| COLLECTED MATERIAL |
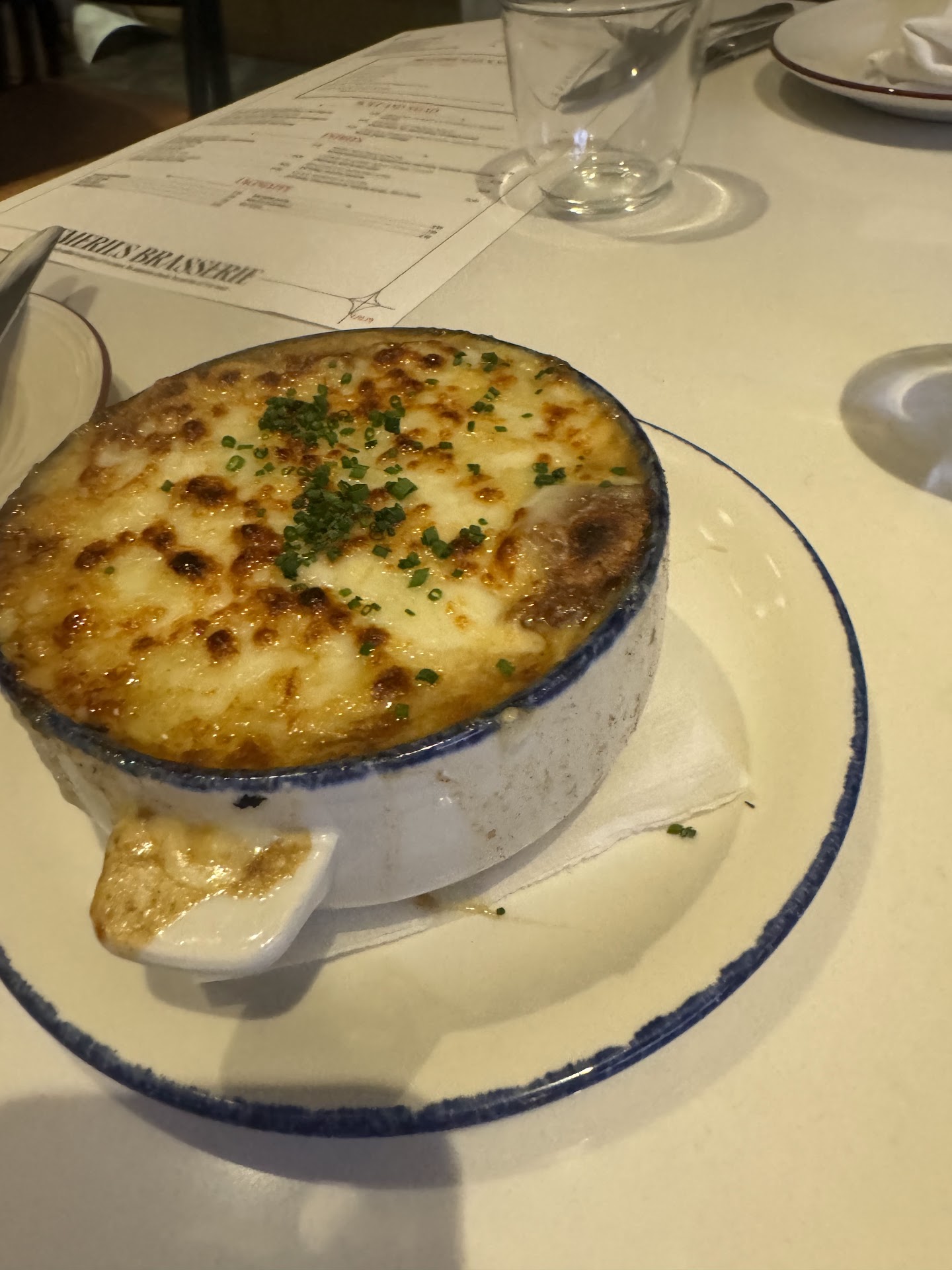Hereās what we had: Appetizers: Baked Brie, Tarte Flambe, Steak Tartare Entrees: Kicked-up Onion Soup & Butter Lettuce Salad, Steak Frites, Herb-Roasted Salmon, Lobster Pot Pie, Chicken Breast, Beer-steamed Mussels I was first surprised that the menu didnāt lean into French cuisine as much as I had expected. Baked Brie, Steak Tartare, Onion Soup, and Steak Frites do not a French menu make. The menu was uninspired in my experience with French and higher-end dining.
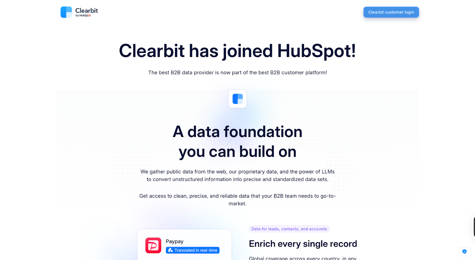 Clearbit, now a part of HubSpot, is a data enrichment platform that helps businesses get clean, reliable, and standardized customer data. It gathers information from public sources, its own proprietary data, and AI models to build precise datasets that B2B teams can use to go-to-market more effectively.
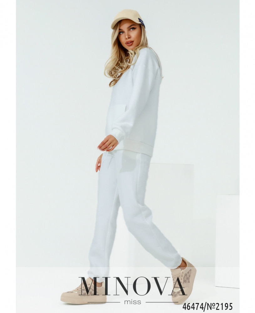 Монохромный яркий спортивный костюм привлекает внимание своей мягкостью и удобством. В комплект входят актуальные брюки-джоггеры с карманами и резинками, вставленными по линии талии и по низу штанин, а также лаконичное худи с капюшоном, большим карманом спереди и рукавами с приспущенной линией плеч.
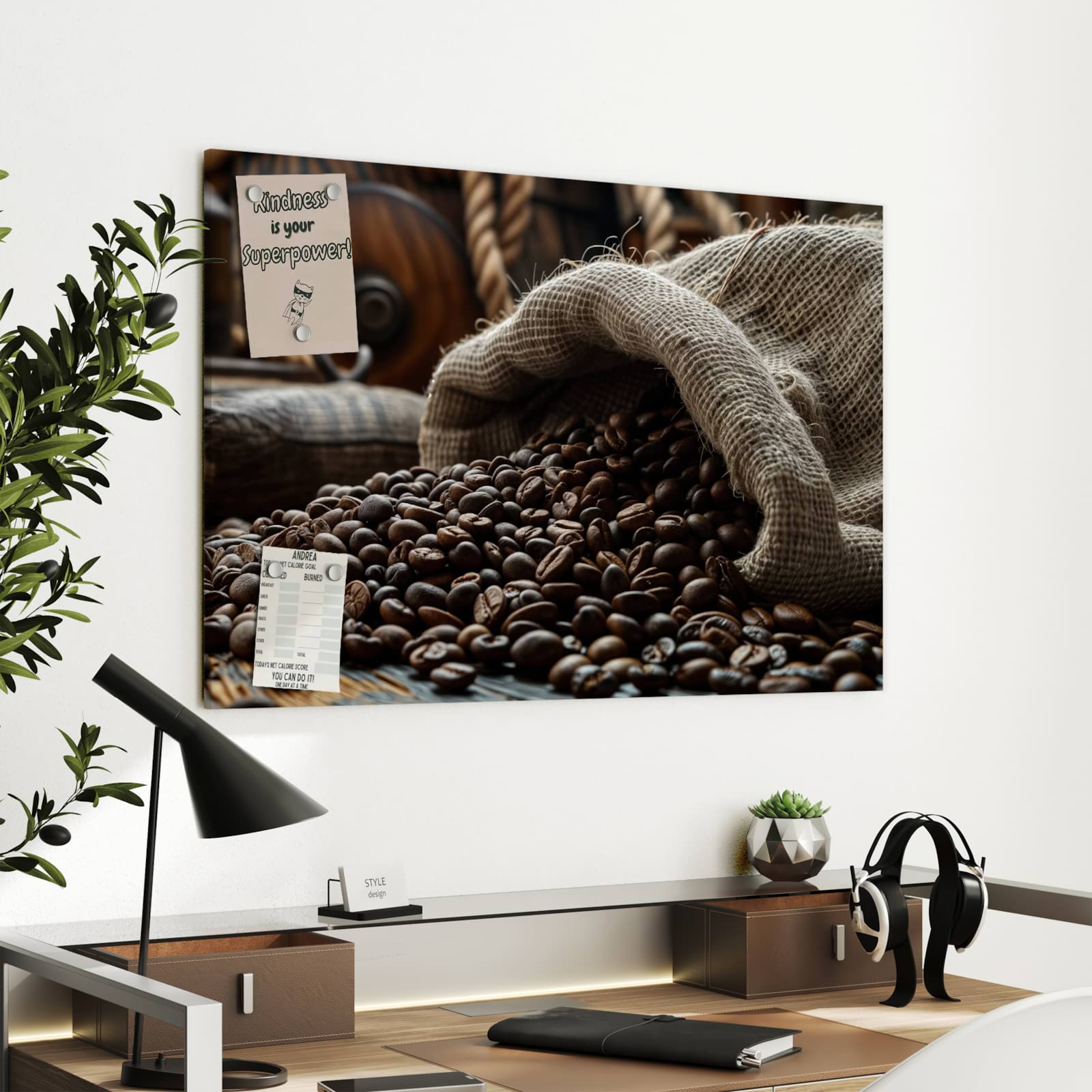 Vielseitige Metall-Magnettafel für Ihr Zuhause - Kaffeebohnen Sack

| PROBLEM |
Apart from the pictures, restate all of the listing above exactly.

| WRITTEN SOLUTION |
Hereās what we had: Appetizers: Baked Brie, Tarte Flambe, Steak Tartare Entrees: Kicked-up Onion Soup & Butter Lettuce Salad, Steak Frites, Herb-Roasted Salmon, Lobster Pot Pie, Chicken Breast, Beer-steamed Mussels I was first surprised that the menu didnāt lean into French cuisine as much as I had expected. Baked Brie, Steak Tartare, Onion Soup, and Steak Frites do not a French menu make. The menu was uninspired in my experience with French and higher-end dining.
 Clearbit, now a part of HubSpot, is a data enrichment platform that helps businesses get clean, reliable, and standardized customer data. It gathers information from public sources, its own proprietary data, and AI models to build precise datasets that B2B teams can use to go-to-market more effectively.
 Монохромный яркий спортивный костюм привлекает внимание своей мягкостью и удобством. В комплект входят актуальные брюки-джоггеры с карманами и резинками, вставленными по линии талии и по низу штанин, а также лаконичное худи с капюшоном, большим карманом спереди и рукавами с приспущенной линией плеч.
 Vielseitige Metall-Magnettafel für Ihr Zuhause - Kaffeebohnen Sack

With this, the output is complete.